I want to play with gtl settings now,  and see if I can reduce vcore.


----------



## johnspack (Nov 5, 2009)

Discovered something interesting,  I need to set SB voltage at 1.20v from default of 1.10 in order to run my gtx280 at 1512 shaders.  If I don't,  I get garbled colours all over the screen like the card's ram is bad.  Soon as I do,  games run for hours no problem.    Didn't think sb should have anything to do with my single pci-e card on this mobo...  (I'm using the primary)
This should show I'm using full 16x pci-e2: 




Is it normal to have to run the sb at higher voltage to oc your vid card?  I thought the nb handled the primary video card?  Sorry,  learning stuff here....


----------



## BababooeyHTJ (Nov 5, 2009)

johnspack said:


> Discovered something interesting,  I need to set SB voltage at 1.20v from default of 1.10 in order to run my gtx280 at 1512 shaders.  If I don't,  I get garbled colours all over the screen like the card's ram is bad.  Soon as I do,  games run for hours no problem.    Didn't think sb should have anything to do with my single pci-e card on this mobo...  (I'm using the primary)
> This should show I'm using full 16x pci-e2:
> http://img.techpowerup.org/091105/gtx1.jpg
> Is it normal to have to run the sb at higher voltage to oc your vid card?  I thought the nb handled the primary video card?  Sorry,  learning stuff here....

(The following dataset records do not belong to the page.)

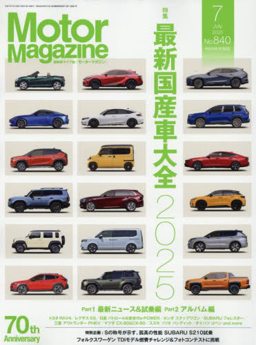 『最新国産車大全2025』/『ジャーマン・テック最前線』/『インポートEVのいま』| 2025年7月号の大特集は「最新国産車大全2025」。パート1では最新国産車のニュースや試乗の模様をお届けします。パート2では現在販売される国産モデルをアルバム形式でご紹介します。またモータージャーナリストによるおすすめグレードも必見です。このほか特別企画「Sの称号が示す、孤高の性能 SUBARU S210試乗」や「フォルクスワーゲン TDIモデル燃費チャレンジ&フォトコンテストに挑戦」など、バラエティに富んだ自動車情報をお伝えします。《 目次 》【 Front Talk 】◯ 木村好宏の “耳寄りな話”「カーデザインイベント クルマのデザインを語ろう!」◯ あえてクルマで行きたい場所「別邸 仙寿庵 / 群馬県利根郡」◯ 五十嵐 誠の “クルマ道楽に贈る 極楽ゴルフ情報”「 “オンリーワン” を手に入れる」【 特集 】『最新国産車大全 2025』PROLOGUE 国産ブランドの現在地と、これからの挑戦Part 1 最新国産モデルニュース&試乗◯ 新型車情報・トヨタ RAV4・レクサス ES・日産 パトロール(中東仕様)/ キャシュカイ(欧州仕様)・ホンダ ステップワゴン◯ 新型車試乗・スバル フォレスター・三菱 アウトランダーPHEV/マツダ CX−80/スズキ ソリオ バンディット/ダイハツ コペンPart 2 国産モデルアルバム・トヨタ ・GR ・レクサス ・日産 ・ホンダ ・三菱 ・マツダ ・スバル ・スズキ ・ダイハツ ・光岡◯ コラム・1「レーシングカーに求められる精度を実現するGR」・2「レクサススポーツモデルの現状を整理」・3「NISMOとAUTECHの違いとラインナップ」・4「ホンダの電動化戦略 2025 ビジネスアップデート」・5「マツダの次なるパワーユニット戦略」・6「SUBARU渾身の “S:HEV” が秘めた可能性」・7「国産OEMモデルの事情と最新ラインナップ」【 特別企画 】◎ SUBARU S210 impression「Sの称号が示す孤高の性能」◎ フォルクスワーゲンのTDIモデルで燃費チャレンジ「長距離で発揮、ディーゼルの底力」・Tロック TDI 4モ…他
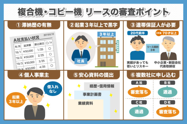 コピー機・複合機のリースは、申し込めば借りられるというものではなく、事前に審査が行われます。 審査の基準や通りやすさはリース会社ごとに違ってきますが、法人・個人事業主ともに通過率を上げるポイントがある
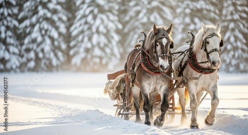 Naklejka premium Two horses pulling a sleigh through snowy forest in winter
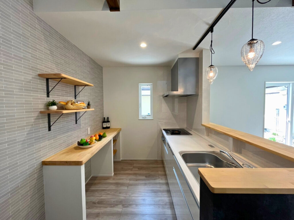背面にはカウンターと棚を設け、調理や配膳、ちょっとした家事もスムーズに。
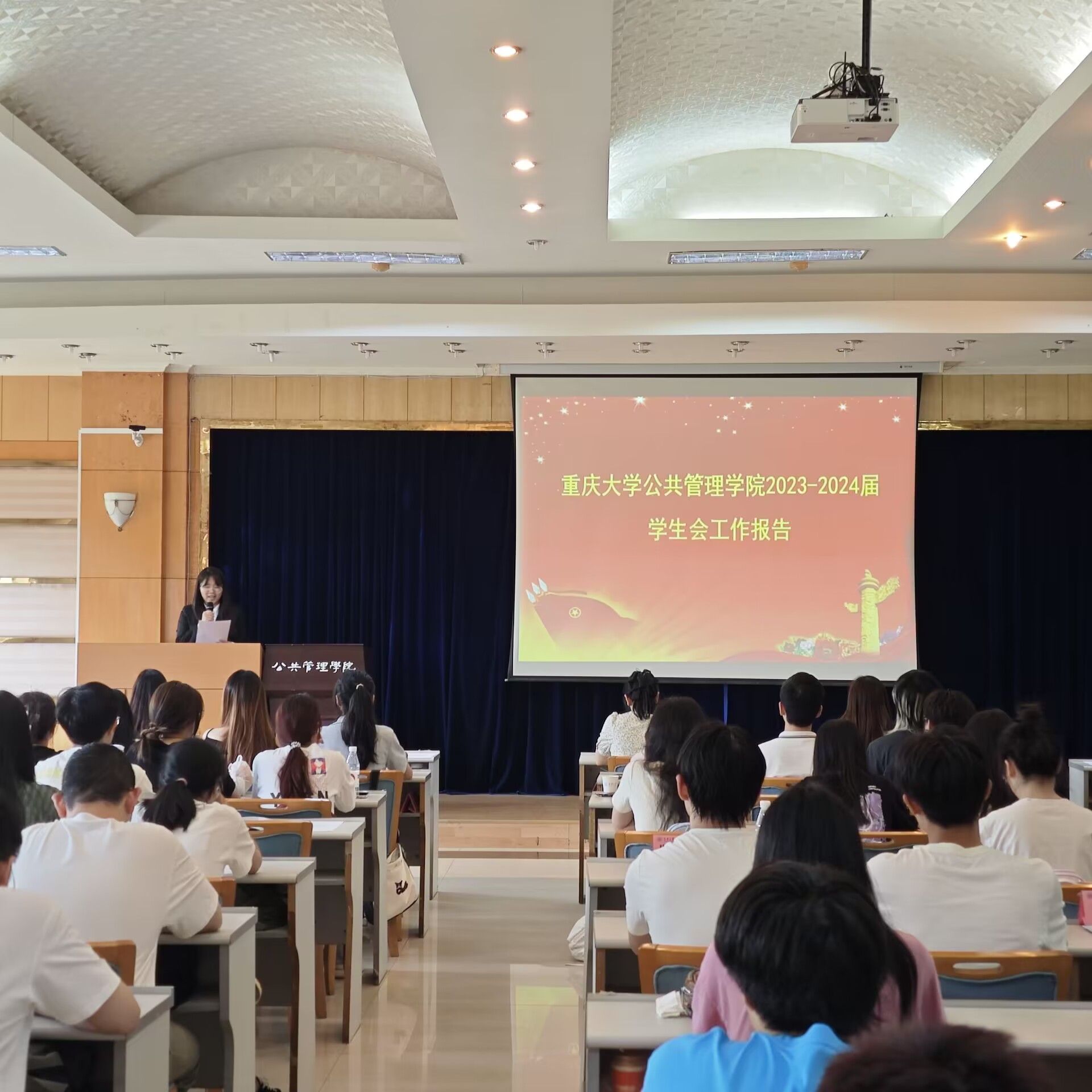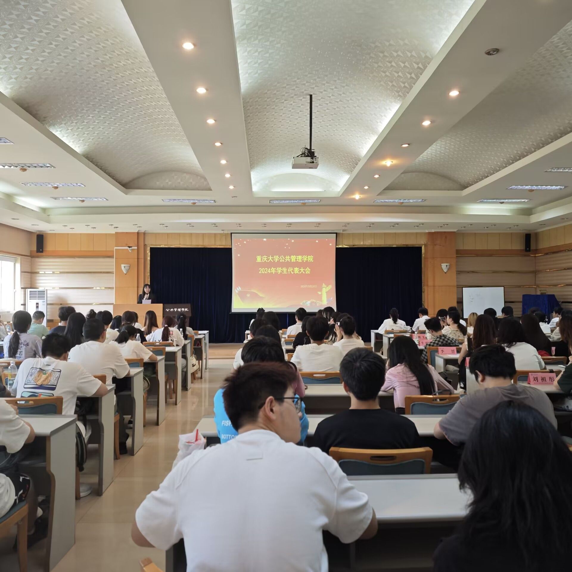 2024年本科生学生代表大会于学院202报告厅召开。院团委书记、学生会秘书长徐柳以及110多名来自学院2021级、2022级、2023级的本科生学生代表参与了本次大会。
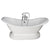 Luxuriate in this spacious cast iron double slipper tub on a decorative cast iron base. Elegant tub filler features elephant spout and hand shower. All necessary accessories are provided to install your tub to ensure a perfect bathing experience.
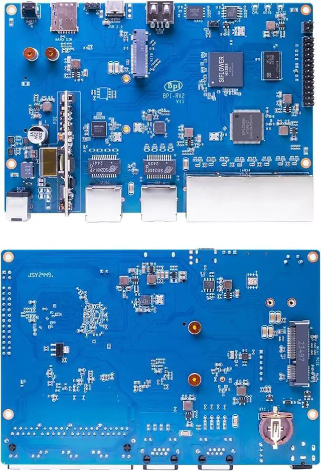 [Stable Network Environment] The Banana Pi BPI-RV2 RSIC-V open-source gateway Router board on the network side supports QSGMII, SGMII/HSGMII, and RGMII outlets, and IEEE 1588 PTP for time synchronization, and NVMe SSDs (PCIe gen 2 x1) are supported on the M.2 2242/2230 outlets. Supports connection of SSD drives, 5G modules, WiFi modules, wired grid cards, etc.
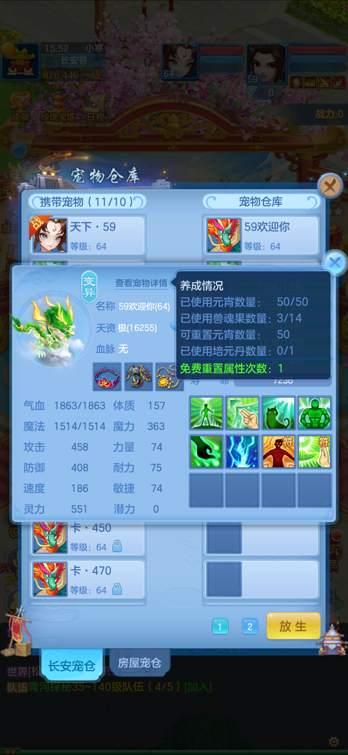 满配,320果子属性,宝宝都是高书成品,有蛇,有罗刹,详细看截图,装备也是极品属性,可骷髅,可血耐,可暴力,打架限制次数多
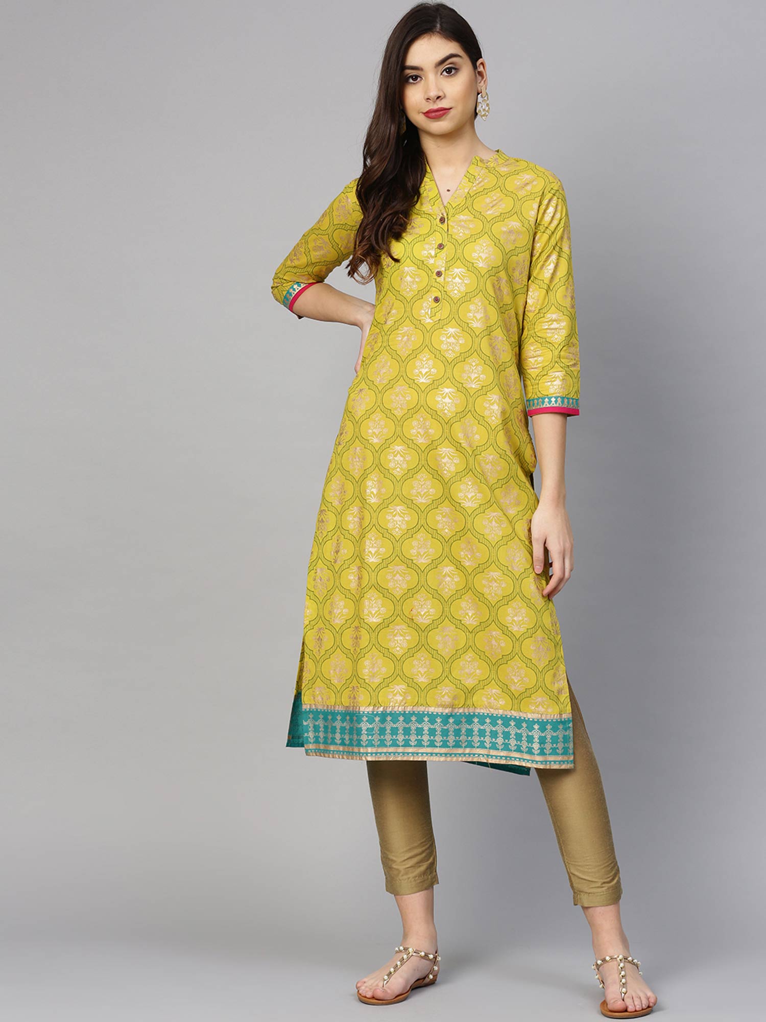 - Infuse a combination of style and panache into your wardrobe with this olive green kurta from KSUT. Crafted using premium quality cotton fabric, it provides a soft and comfortable feel against the skin.
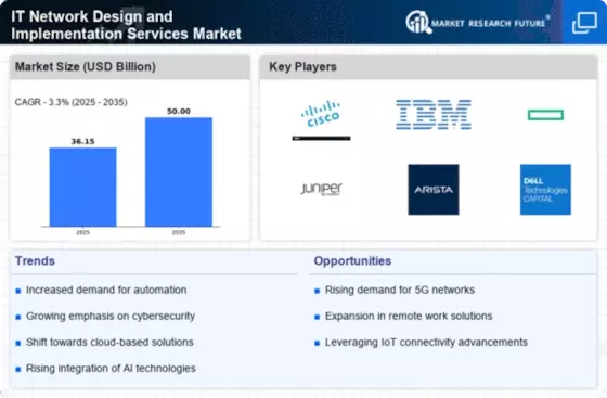 The IT Network Design and Implementation Services Market is characterized by a dynamic competitive landscape, driven by rapid technological advancements and increasing demand for robust network infrastructures. Key players such as Cisco Systems (US), IBM (US), and Huawei Technologies (CN) are at the forefront, each adopting distinct strategies to enhance their market positioning. Cisco Systems (US) emphasizes innovation through its extensive portfolio of networking solutions, while IBM (US) focuses on integrating AI and cloud capabilities into its offerings. Huawei Technologies (CN) leverages its global reach and competitive pricing to penetrate emerging markets, thereby shaping the competitive environment through a blend of technological prowess and strategic pricing.The market structure appears moderately fragmented, with a mix of established players and emerging companies vying for market share. Key business tactics include localizing manufacturing to reduce costs and optimize supply chains, which is particularly relevant in the context of geopolitical tensions and trade regulations. The collective influence of these major players fosters a competitive atmosphere where innovation and operational efficiency are paramount.
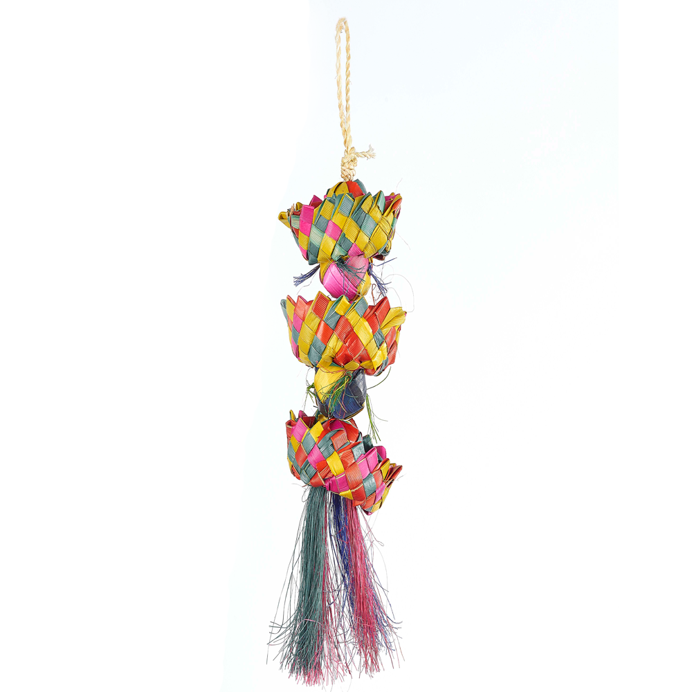 Hanging pinata toy suitable for small parrots.
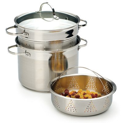 If ever there was an all-in-one piece of cookware to own, this is the one we would suggest. Appropriately called ???multi cooker,??? the 4-piece set includes an 8-quart Stockpot, pasta insert, steaming basket and a tempered glass lid. Like the professionals, you can simmer your homemade stocks and soups, boil and drain delicate pastas and gently steam your vegetables. The slim, arched handles promote easier lifting.
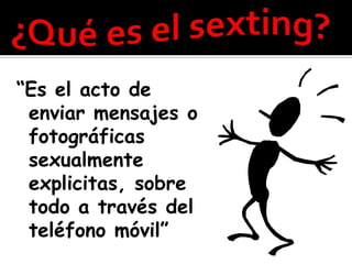 El documento habla sobre los peligros del sexting entre los jóvenes. Explica que el sexting involucra el envío de imágenes o videos sexualmente explícitos a través de teléfonos celulares. Aunque los jóvenes lo ven como un juego, esto puede tener consecuencias graves como la difusión no consentida de las imágenes y daño psicológico. El documento advierte sobre los aspectos legales y riesgos de seguridad asociados con esta práctica cuando involucra a menores de edad.
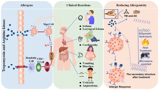 - He, W.; He, K.; Sun, F.; Mu, L.; Liao, S.; Li, Q.; Yi, J.; Liu, Z.; Wu, X. Effect of Heat, Enzymatic Hydrolysis and Acid-Alkali Treatment on the Allergenicity of Silkworm Pupa Protein Extract. Food Chem. 2021, 343, 128461. [Google Scholar] [CrossRef]
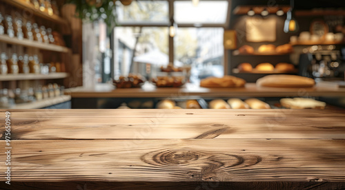 Close up of a horizontal minimalist wooden table top with a Blurred bakery shop background. Generative AI.
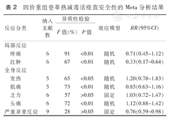 共有6篇文献报道了试验组和对照组间局部反应发生率的差异,其中红肿的发生率组间差异有统计学意义(P<0.01)。严重异常反应的发生率组间差异有统计学意义(P<0.05),详见表2。

Well you should play with your VTT before you touch your GTLs since auto tends to overvolt and the GTLs are based off of your VTT. Secondly it sounds like the southbridge at 1.1 may have been causing some crosstalk with the shaders running at 1512 for some reason but thats just a guess. I would be willing to bet setting your pci-e frequency to 101 would also have done the trick.


----------



## johnspack (Nov 5, 2009)

Ah,  didn't know that about vtt,  thought it was other way around,  if I change it,  I have to change gtls too,  I have to go back and read all that stuff again..  I may see if messing with that will help me maybe to get 3.9 stable at a vcore I can stand.  I prefer to keep at 1.36v for 24/7,  it's being rock solid at 3.8 with 1.32v.  Oh,  and I did have pci-e set to 102,  so it did need the sb bump.  Also I hadn't disabled pci-e spread spectrum,  not sure if it needs that off or not....


----------



## pantherx12 (Nov 5, 2009)

I'll ask here too, the mosfets above the CPU socket on a p5q3 are they activated?

As they're cold to touch even when everything in my system is underload, if they've not activated is there anyway to do so?

I've already got a mosfet cooler for when/if I can/


----------



## johnspack (Nov 5, 2009)

Interesting,  I just felt all 3 of my mosfet heatsink/heatpipe rads,  and they are just slightly warm to the touch,  so I guess all 16 phases are running....  haven't checked under load yet,  but I bet they get fairly warm.

Edit:  3.9 is looking stable with vtt at 1.14v and cpu at 1.336v,  probably will need more tweaking,  but thanks for the tip Baba!


----------



## BababooeyHTJ (Nov 6, 2009)

johnspack said:


> Interesting,  I just felt all 3 of my mosfet heatsink/heatpipe rads,  and they are just slightly warm to the touch,  so I guess all 16 phases are running....  haven't checked under load yet,  but I bet they get fairly warm.
> 
> Edit:  3.9 is looking stable with vtt at 1.14v and cpu at 1.336v,  probably will need more tweaking,  but thanks for the tip Baba!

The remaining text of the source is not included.